İlk okumaya başladığım zaman Oblomov'a sinir oldum. Kitabın bazı yerleri sıksa da genelde sıkılmadan rahat rahat okuyabildim. İnsanın aklında canlandırdığı tembel kavramını yıkıyor resmen.
Adam tembel ama öyle boş, aklı çalışmayan bir tembel değil. Aklı gayet güzel çalışan eğitimli, kültürlü ve en önemlisi bencil yada vurdumduymaz değil. Bol bol planlar yapıyor. Bu planlarını gerçekleştirememesi ayrı bir mesele.

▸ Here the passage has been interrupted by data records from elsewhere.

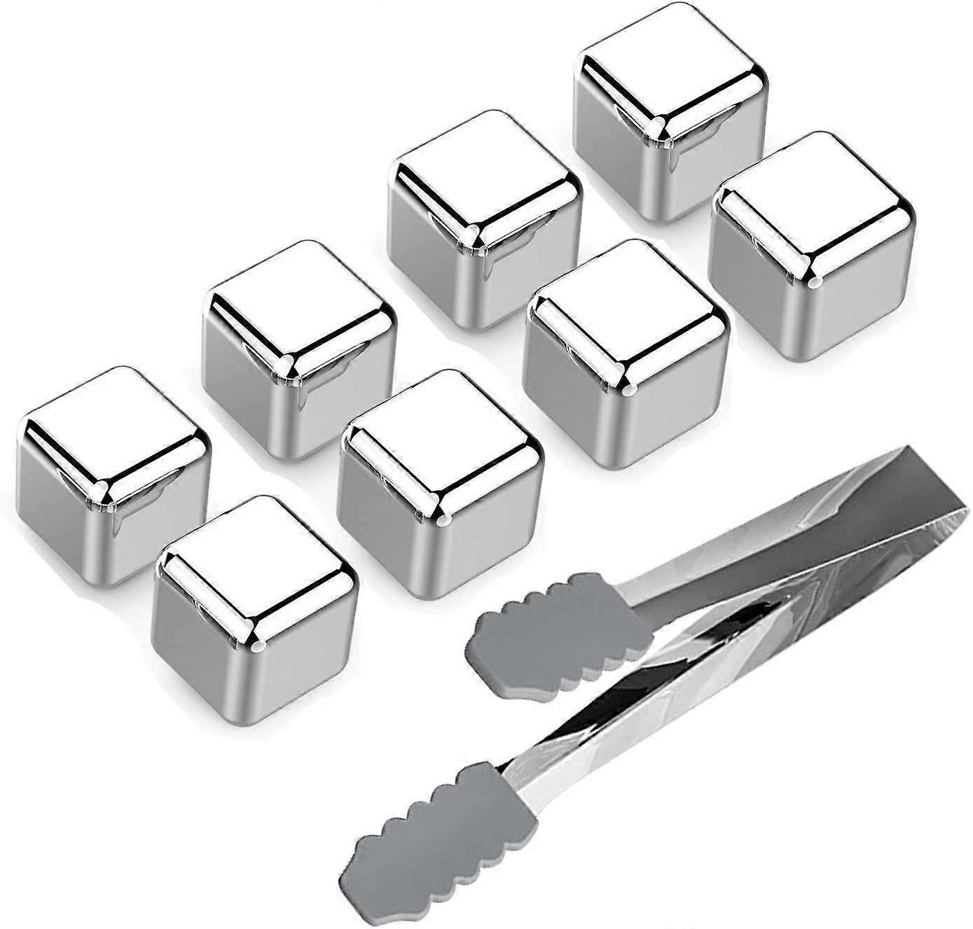 8 x Stainless Steel Whisky Stones Ice Cubes, Reusable Chilling Rocks Cooling for Scotch Whisky, Wine, Gin, Tonic Drinks (silver)(9pcs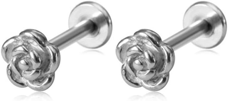 2Pcs 16G Rose Labret Monroe Lip Rings for Women Stainless Steel Conch Helix Daith Cartilage Flat Back Earrings Studs Internally Threaded Medusa Body Piercing Jewelry 8mm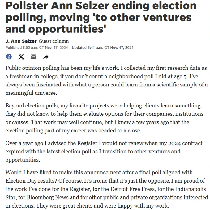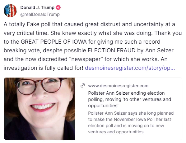 “A totally Fake poll that caused great distrust and uncertainty at a very critical time,” Trump wrote on his Truth Social website on Sunday. “She knew exactly what she was doing.”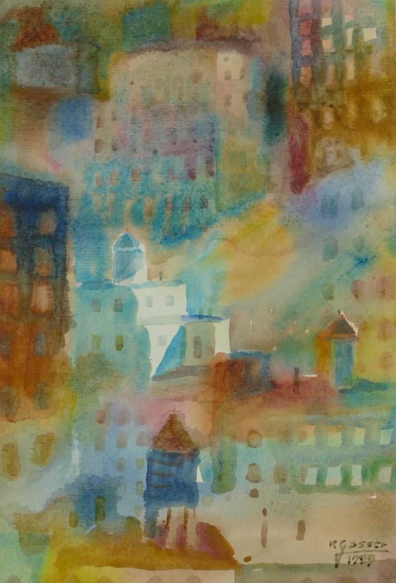 Acquarello su carta, 35 x 24 cm, in cornice. Firma e data.

En yakın arkadaşı olan Ştolts ise tam zıttı bir karakter. Hayata bağlı, çalışkan, iş yapmayı ve gezmeyi seven, her zaman insanlarla iletişim halinde olan birisi.
Kitabı okurken bir ara aşık olup canlanınca eyvah bile dedim. Hayallerimi yıktın Olga demeye başlamıştım ki neyse ayrıldı da Oblomov eski hayatına döndü :))))))
Kitabı okurken özellikle önsöz kısmında yazan:" Geçmiş zamanı, adeta beş duyunun birden yardımıyla dirilten bu "Rüya"yı Marcel Proust okumuş olsaydı, Gonçarov'u kendine en yakın romancılardan sayabilirdi. Proust da onun gibi anlattığı âlemden hiçbir şeyin kaybolmasına razı olmuyor, ilk bakışta tekrar gibi görünen belirsiz renkleri biriktirerek canlı bir bütün yaratıyor." bölümü okuyup sonra rüya kısmını okuyunca biraz daha net bir şekilde benzerliği farkediyor insan.
Her ne kadar birbirine zır görünseler de Ştolts kitaba ayrı bir renk, ayrı bir hava katıyor.